Esta es la victoria que reunidos como hermanos proclamamos y celebramos hoy de manera solemne, unidos con toda la Iglesia.
Este El Domingo más importante del año, del que reciben sentido todos los demás Domingos del año. Esta celebración está revestida de una alegría inmensa, provocada por nuestra esperanza en la vida eterna: si por medio del Sacramento del Bautismo hemos muerto con Cristo al pecado, sabemos que también resucitaremos con él.
Dispongámonos, entonces con un corazón nuevo y lleno de gozo, a celebrar estos sagrados misterios entonando el canto de entrada.

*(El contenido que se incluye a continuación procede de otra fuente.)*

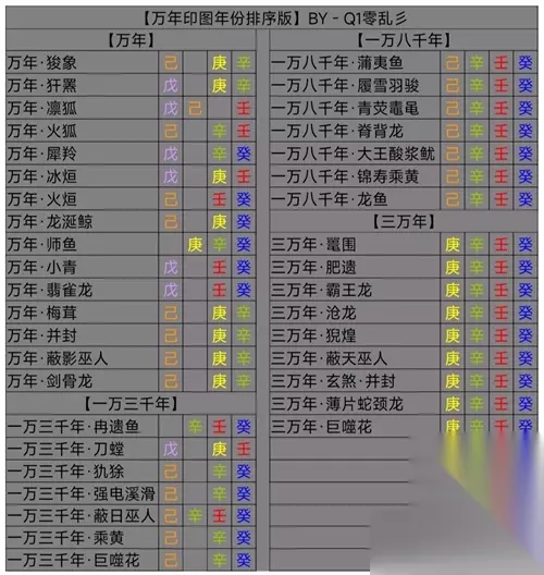 这次的万年印表汇总之后,更加方便小伙伴们进行观看。 同时考虑到新区轩辕剑可能开不了的问题,就把戊己加上了。 最后小伙伴们需要的可以直接将这个表格保存使用。
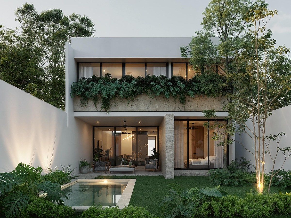 Equipamiento incluido: Barandales de vidrio templado, gavetas de encino en cocina, closets de madera en recámaras, fijos de vidrio templado en baños, espejos en baños, tanque estacionario, calentador y césped en jardín trasero, alberca iluminada con acabado chukum blanco y piedra decorativa en algunos muros.
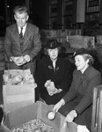 Goodfellows. Left to right, W. D. Clay, Mrs. Arch Parnum, Lake Worth, and Mrs. Edward H. Ailes. A man and two women are packing bags of assorted nuts for Goodfellow baskets.
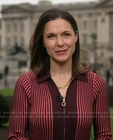 Maggie Rulli on Good Morning America on ABC was spotted wearing this pink striped dress on Good Morning America on Oct 10 2025's episode. Maggie's Dress is the Collared Maxi Dress in Rhubarb Pink/Bordeaux by Me + Em.
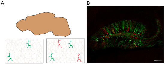 - Veldman, M.B.; Park, C.S.; Eyermann, C.M.; Zhang, J.Y.; Zuniga-Sanchez, E.; Hirano, A.A.; Daigle, T.L.; Foster, N.N.; Zhu, M.; Langfelder, P.; et al. Brainwide Genetic Sparse Cell Labeling to Illuminate the Morphology of Neurons and Glia with Cre-Dependent MORF Mice. Neuron 2020, 108, 111–127.e6. [Google Scholar] [CrossRef] [PubMed]
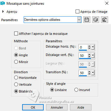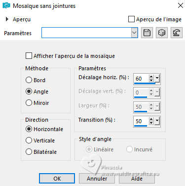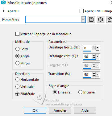 4. Effets>Effets d'image>Mosaïque sans jointures, par défaut.
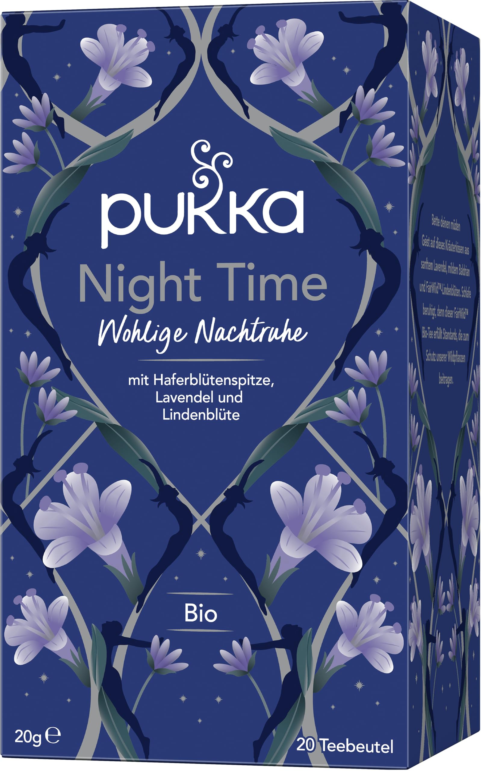 Taste: Storage and Use: Dry Processing: The night will be long if you don't rest. How beautiful nature offers us linden herbs in this caffeine-free sachet. A dream of herbs composed of soft oat flower tips, sweet lavender, and silky linden blossom. Let peace return and your sweet dreams begin. www.pukkaherbs.de Processing additives not used. Certification: Fair for Life, FairWild Soil Association, EU Organic Label INGREDIENTS Oat flower tips 30 , licorice root, chamomile flowers, lavender flowers 14 , linden flowers 10 , valerian root, tulsi leaves, Indian basil
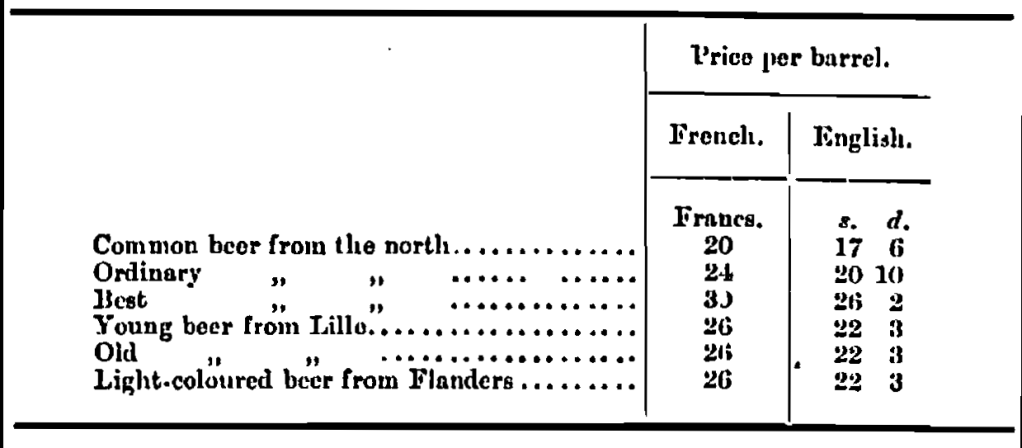 The price per 100 kilos, in francs multiplied by 1·22 will give price per standard quarter in shillings, reckoning 25 fr. = 20s. The hops are from Poperinghe and Bourgoyne. The samples of beer have been chosen as representative of the various types, and the prices are indicated on the labels to afford a means of comparison with English beers; these prices are in francs per barrel of approximately 33 gallons, and have been converted into shillings per standard barrel of 36 gallons.

COMENTARIO A LA LITURGIA DE LA PALABRA
La gran noticia de la resurrección de Cristo Jesús es el centro de las lecturas de este Domingo. El triunfo de Jesús sobre la muerte, la gloria de su resurrección, tiene sus testigos, y son los que dan fe ahora, de que Cristo está vivo!.
Escuchemos atentamente.
ORACIÓN DE LOS FIELES:
- Por la iglesia nacida en la alegría de la Pascua, para que sea siempre un espacio de vida y de libertad; y así manifieste la presencia del Resucitado con su testimonio cotidiano. Oremos.
- Por nuestros gobernantes, para que la luz de Cristo que venció las tinieblas les ilumine en su trabajo en favor del pueblo que les eligió. Oremos.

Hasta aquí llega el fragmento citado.